Most of us have grown accustomed to hearing a set standard in Swedish music over the past few years. Whether the typical Swedish artist delivers clean indie-rock like Peter Bjorn & John and The Concretes, lyrically exuberant folk-pop in the form of Jens Lekman and Loney, Dear, or orchestrated catchiness to the likeness of I’m From Barcelona and Salem Al Fakir, Swedish music has grown to become more easily identifiable upon initial listen in the past decade. Oddly enough, The Sacred Sailors cannot be grouped into any of these enjoyable Swedish clichés. Based out of somewhere near Gothenburg, Sweden, these five music-loving gentlemen instead chose to savor classic rock ‘n’ roll influences like Bob Seger, The Rolling Stones, Lynyrd Skynyrd, and Grand Funk Railroad; more in the vein of American or British artists. Instead of charming an audience with sugary synths or soft acoustic strums, The Sacred Sailors guarantee plenty of “sex, blood and rock ‘n’ roll music!” Well, perhaps that would be putting it a bit too bluntly. Unfortunately, due to their evidently futile attempts to attempt in several songs to sound like a modern Creedence, the comparisons that The Sacred Sailors will receive to the laughable Jet is imminent. However, the main difference between the two is that The Sacred Sailors actually possess enough style and swagger to pull it off.

The Sacred Sailors formed in 2001 and began attracting labels with their demo release in late 2003, later signing to Lonestar Records. Their first album, We Gave It All To You, came in November of 2004. It was fairly well received and led to an all-out European tour, giving the five boys a bit of crafty experience that they utilized in the production of their second album, Golden Dawn. Released last year in Sweden, it should see a re-release this year in the USA and I would not be surprised to hear some receptive radio play considering the current domestic appeal for throwback aggression. Honestly, The Sacred Sailors bring absolutely nothing new to the genre. Their approach, as generic as it is, holds a goal that is primarily intended to bring the simplest enjoyment out of their listeners. I suppose you could call them a guilty pleasure if they gain popularity stateside, though bands from Sweden rarely do hit the national mainstream these days for some undeserved reason. I suppose it is an odd alternative though, as I believe the appeal that American audiences will find in The Sacred Sailors is comparable to that of conversing with some young busty blond woman working at Hooters. The level of intellectuality is low, it does not require much thought to enjoy, and superficial tendencies reign supreme over honest motives.

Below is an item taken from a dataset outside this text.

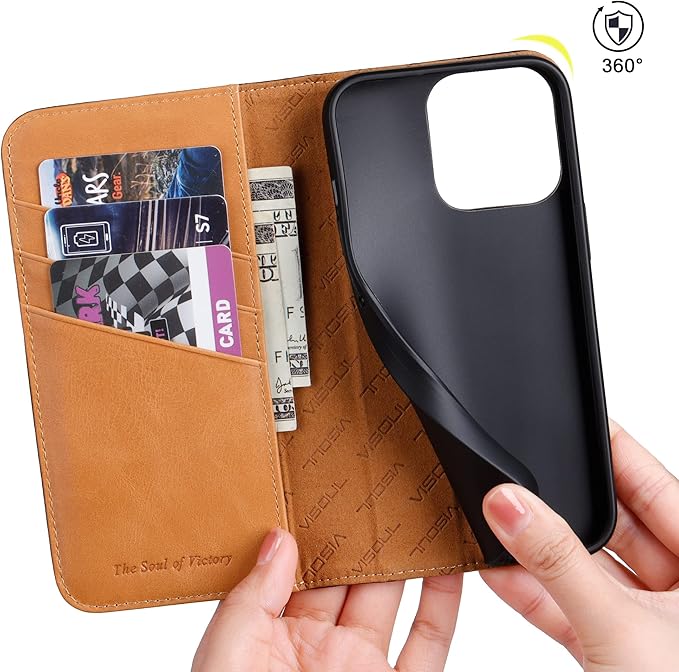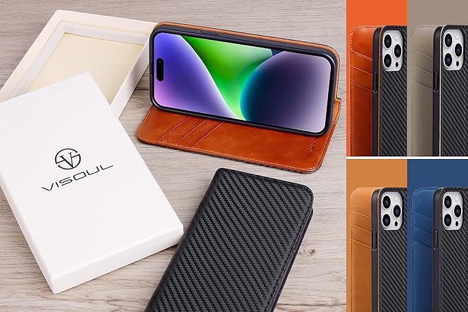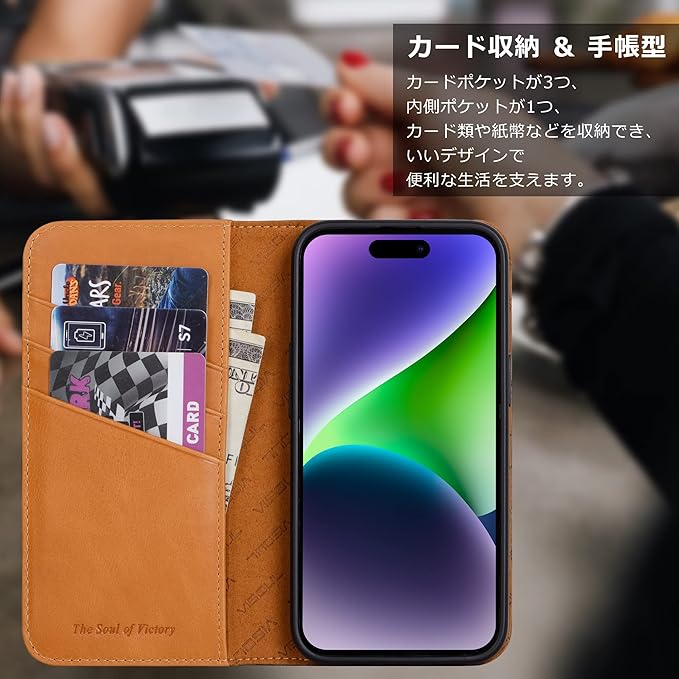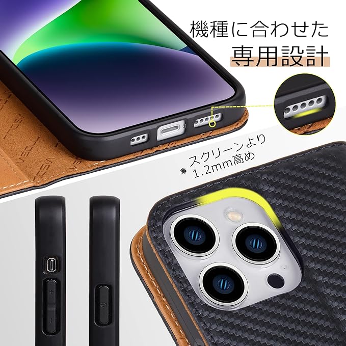 VISOUL iPhone 14 Pro ケース 手帳型 本革 レザー 衝撃吸収TPU素材 全面保護 マグネット式 カード収納 多機能 アイフォン14 Pro ケース 横置きスタンド機能付き手帳型ケース 2022年発売 iphone 14 Pro 対
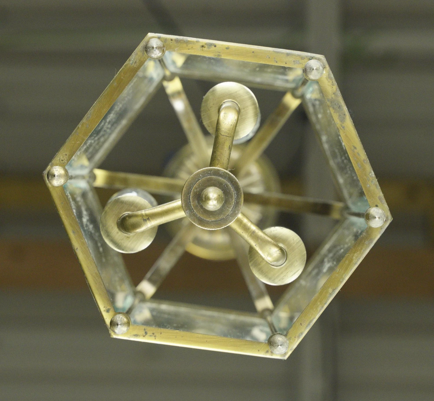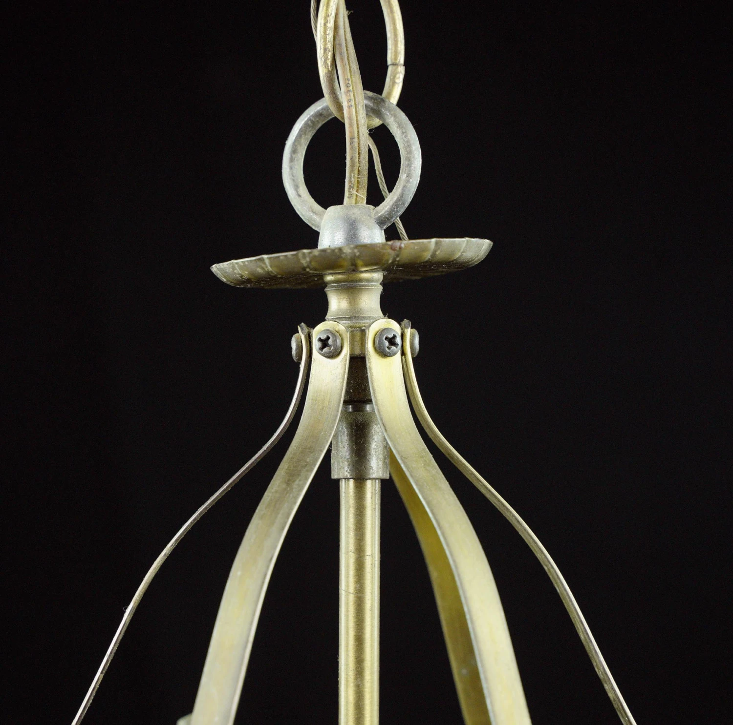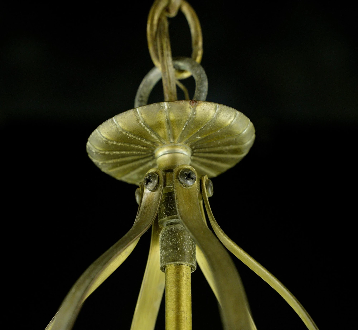This vintage pendant light hanging lantern offers timeless allure. With brass frame accents and clear glass panels, it forms a classic lantern design. This pendant light blends vintage charm with elegant materials, creating a captivating lighting fixture that illuminates spaces with a warm and inviting ambiance. This light requires three candelabra light bulbs. This is in good condition. The price includes restoration of cleaning and rewiring.

The vocals of Manne Olander are certainly suitable for the band’s gritty rock ‘n’ roll style no matter which way you look at it. He has the appropriate amount of snarl and twang to carry the group’s bodacious tendencies through repetitive guitar riffs, bustling rhythm sections, and hooks that are built purely through melodic transition. The standard for most songs from The Sacred Sailors is typical verse-chorus format, followed by an enjoyable guitar solo before shifting back toward the introductory format. Sure, it is predictable but songs like “Ice Cold Water” provide for natural fun nonetheless. Olander’s vocals are not for everyone and some may consider his Axl Rose-like shouts to become annoying tendencies at times, but fans of Guns N’ Roses or any glam-revival bands should find enjoyment in Golden Dawn through its associated vision. The complaints that all the tracks on Golden Dawn sound the same will be evident as reviews begin to follow through, as some tracks like “Greed” or “Vagrant Winter” contain melodies and lyrics that are laughably over-used. With all of my gripes, I have to give a nod to guitarists Christopher God and Olle Hanson, as their solos are one of the bright spots on an otherwise generic album.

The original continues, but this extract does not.